┌─ Source data

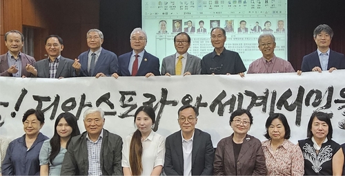 (서울=연합뉴스) 박현수 기자 = 지난 13일 서울 중구 장충동 종이나라박물관에서 열린 제10회 세계한국어교육자협회(WATK) 포럼에서 심용휴(앞줄 왼쪽서 5번째) 회장과 공동 주최자인 노영혜(앞줄 왼쪽서 6번째) 종이문화재단 이사장 등 주요 참가자들이 기념 촬영을 하고 있다. 2025. 07. 13. phyeonsoo@yna.co.kr
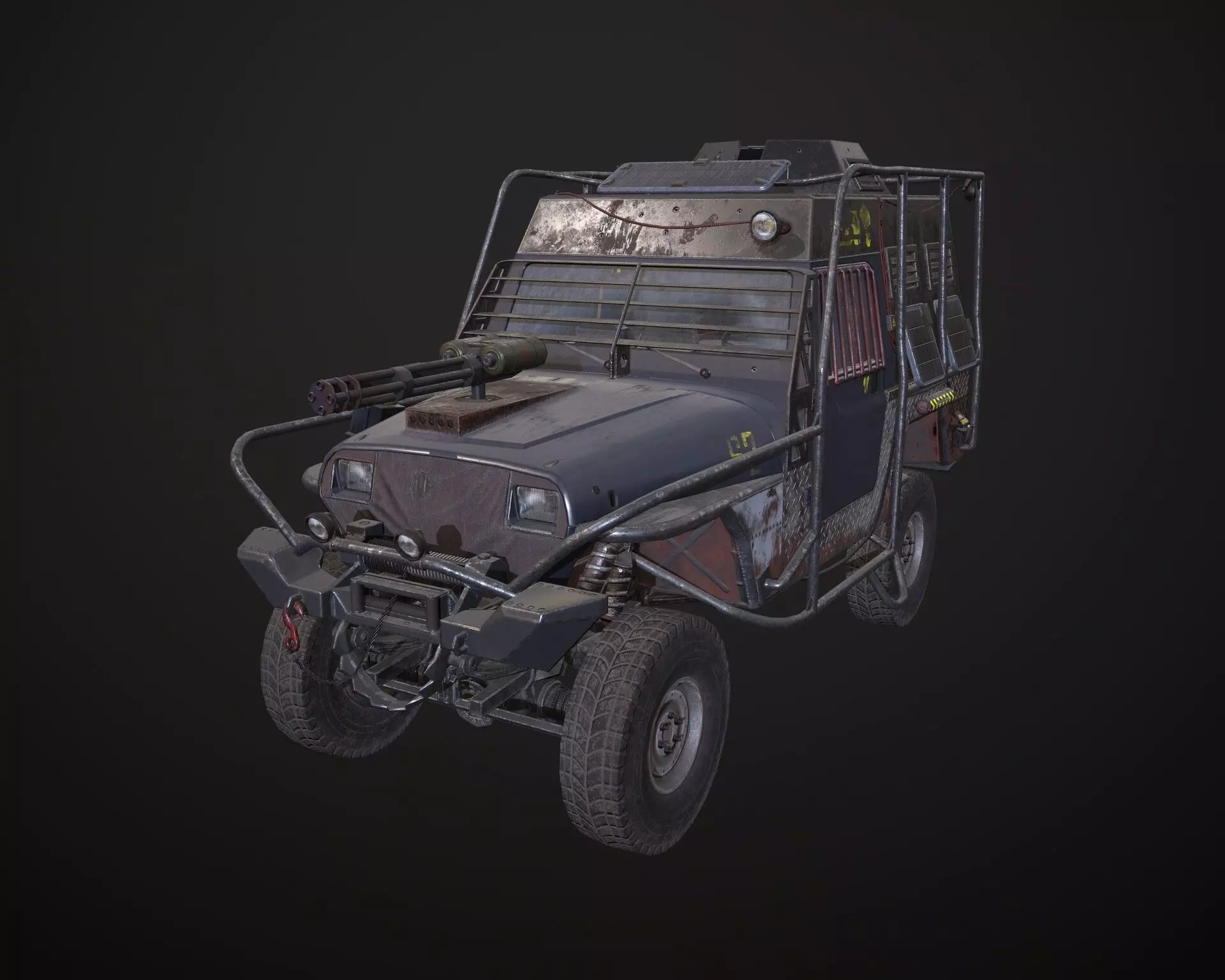 The jeep is based on the vehicle from the series The 100 and was built from scratch, with certain elements simplified. This model is suitable for optimized game projects.Game readyMap baked
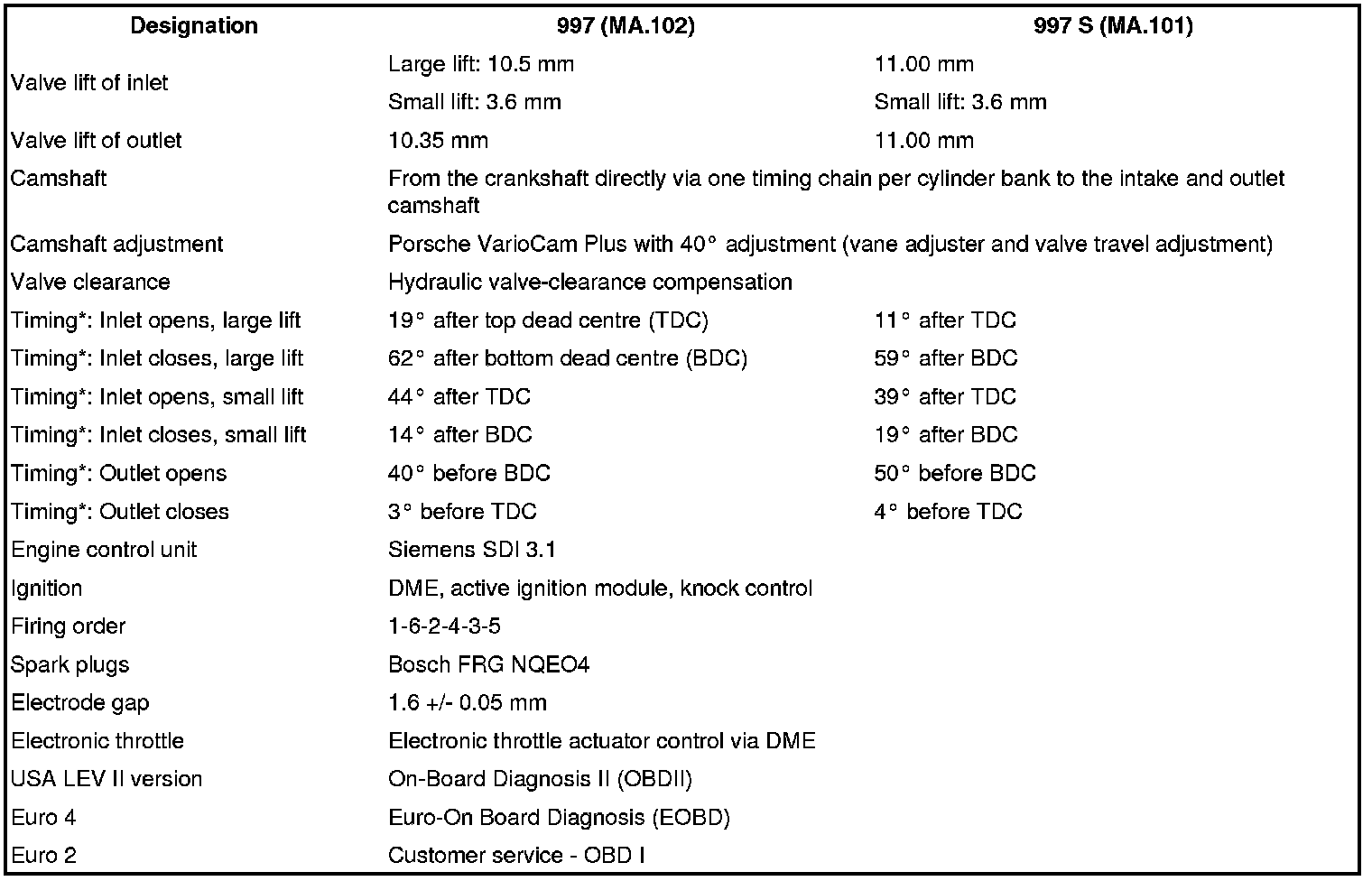 * Timing in late position with 1-mm valve lift and zero clearance

└─

What is required —
In the copy, include exactly the lines from the one with "The jeep is" through the final line of the data, both ends included, and no pictures.

Task response —
 The jeep is based on the vehicle from the series The 100 and was built from scratch, with certain elements simplified. This model is suitable for optimized game projects.Game readyMap baked
 * Timing in late position with 1-mm valve lift and zero clearance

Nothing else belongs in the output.